The Dow Jones index rose almost two-thirds of a per cent to 27,006. The S&P 500 reached a five-month high, up 0.6 per cent to 3,276, and the Nasdaq Composite added 0.2 per cent to 10,706.
Peter Cardillo, chief market economist at Spartan Capital Securities in New York, said investors were looking to shares to boost returns.
“Investors are starving for income and they can’t get that in the bond market so they’re looking to equities,” he said.
“But even though the averages are going up, investors seem to be growing more cautious.”
National Australia Bank currency strategists warned that “a US-China cold war remained a key risk for investors.”
Tesla posts profit as US earnings season continues
Snap shares fell 6.2 per cent after it posted a net loss of $US326 million. It also forecast fewer than expected users over the current quarter as the lockdown-induced boost petered out.
Electric car maker Tesla saw another rise in quarterly profit, helped by stronger deliveries and cost cutting which offset coronavirus factory shutdowns.
Tesla made a net income of $US104 million from April to June, the first time the company has posted a profit for four quarters in a row, making it eligible for inclusion in the S&P 500 index.
The company’s shares have jumped more than 500 per cent over the past year.
Tesla will also build a new vehicle factory in Texas, which could create 5,000 new jobs.
Microsoft reported better than expected quarterly earnings as the coronavirus pandemic has increased demand for its flagship products.

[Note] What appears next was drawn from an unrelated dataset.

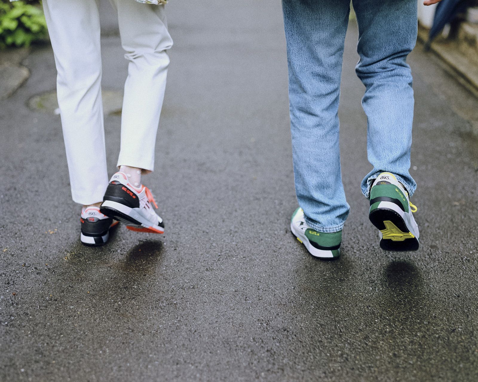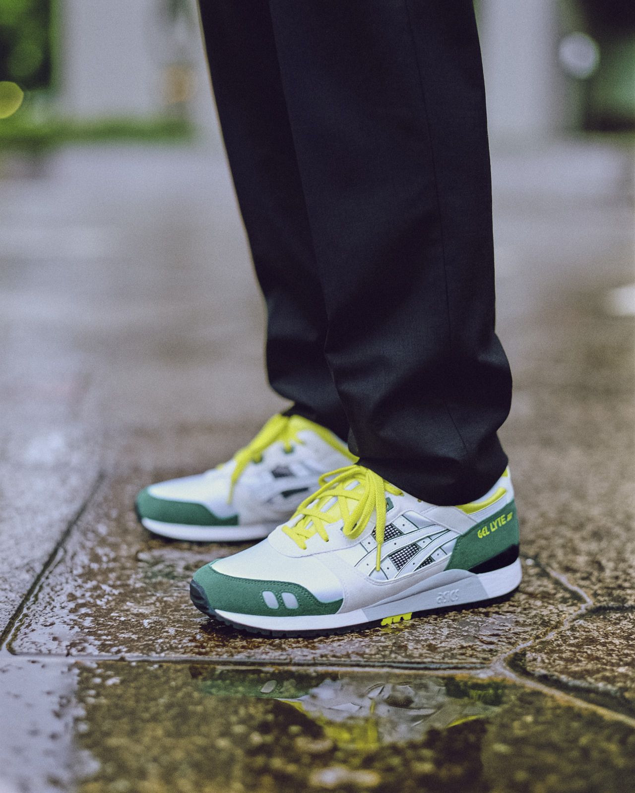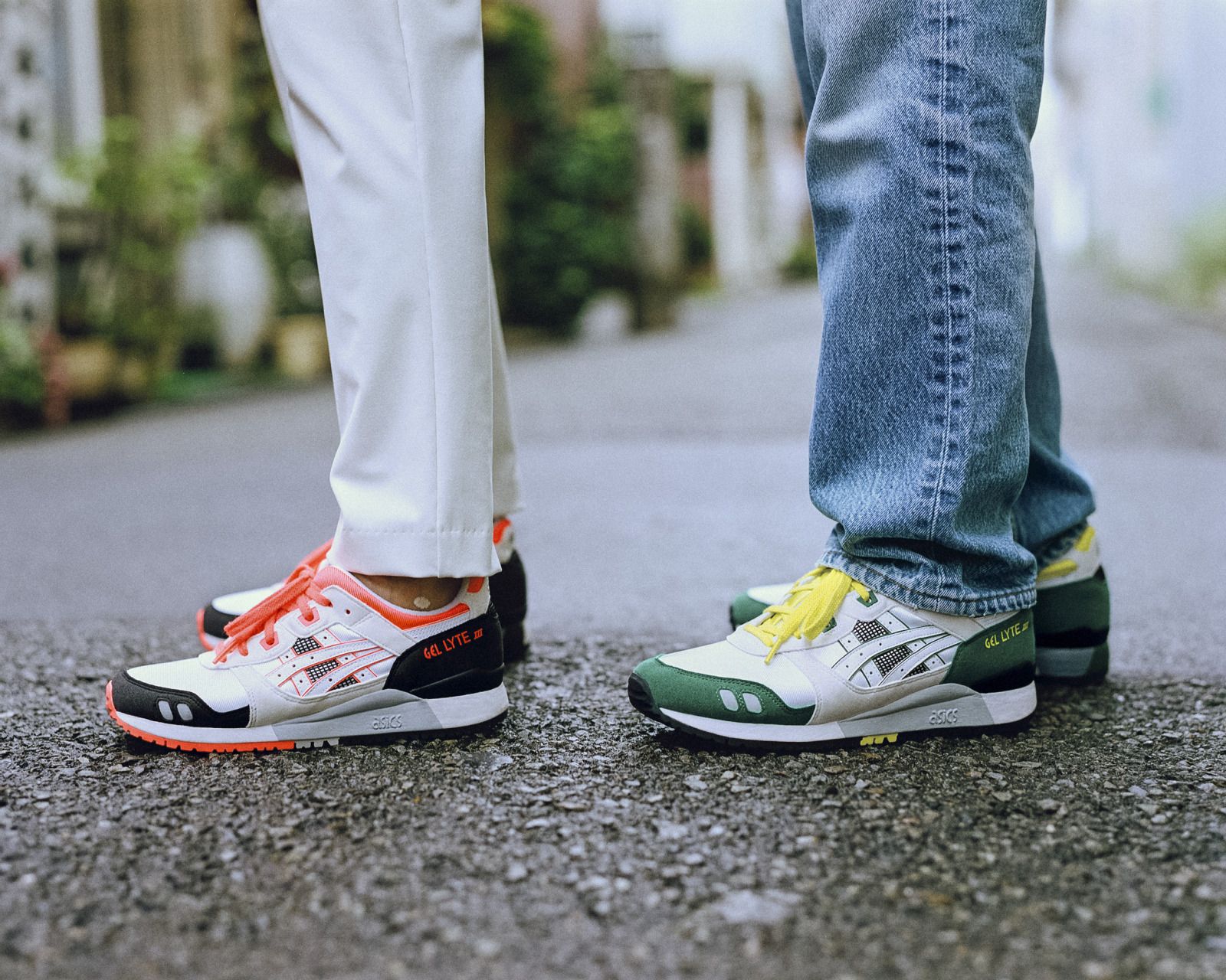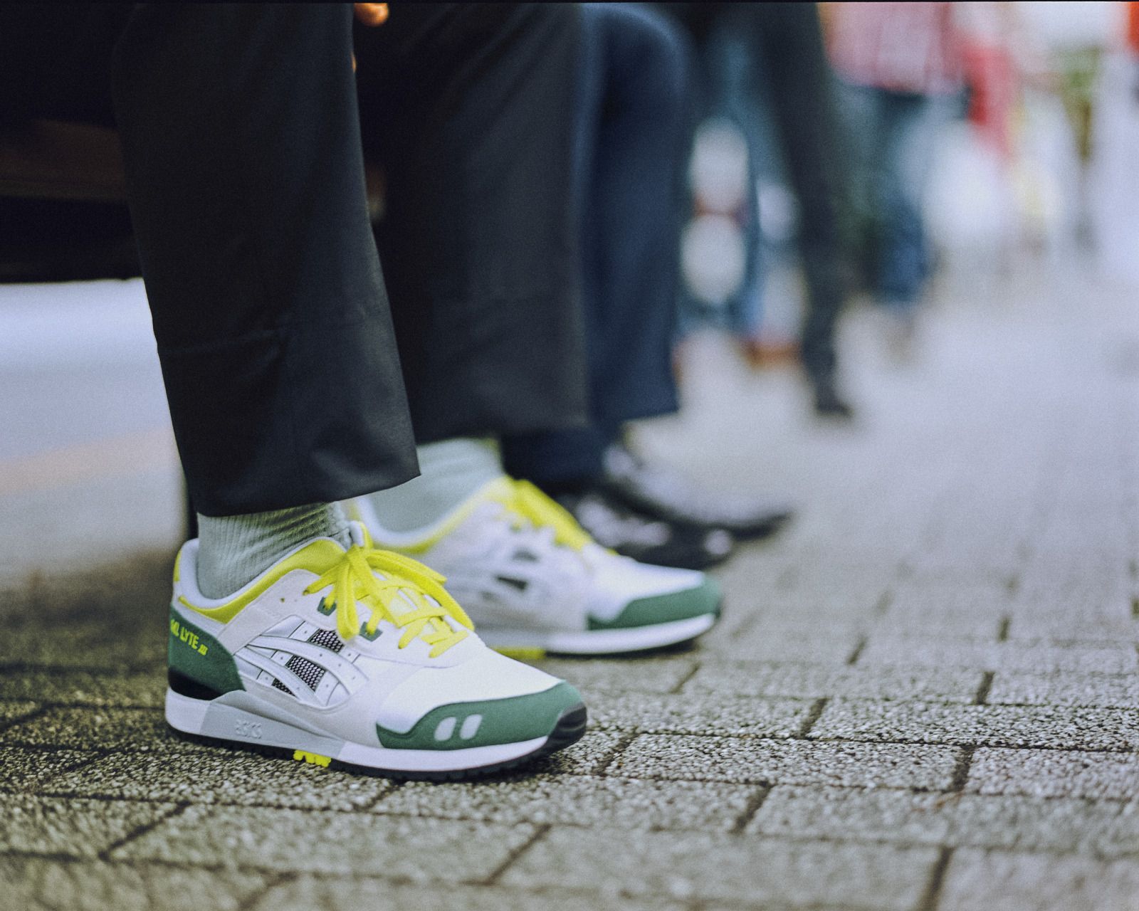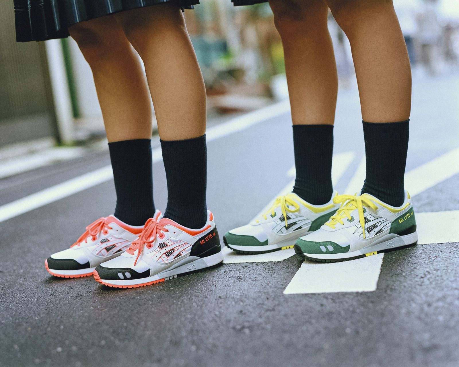 The protagonists of the campaign are the businessmen, students and elderly people of Tokyo. The contrast between their formal and traditional clothes with the colorful silhouettes of the new line of GEL-LYTE III represents the rebellious and unconventional nature of the iconic sneaker. The white, green and yellow colorway featured in the campaign is called "Citrus" and is the shoe's original historical colorway.

In economic news, sales of existing homes in the US jumped by a record 20.7 per cent in June, according to the National Association of Realtors, but sales are still down by a fifth compared to before the pandemic.
European stocks fell on the worsening ties between the US and China.
The FTSE 100 index fell 1 per cent to 6,207, the DAX in Germany dropped 0.5 per cent to 13,104 and the CAC 40 in Paris lost 1.3 per cent to 5,037.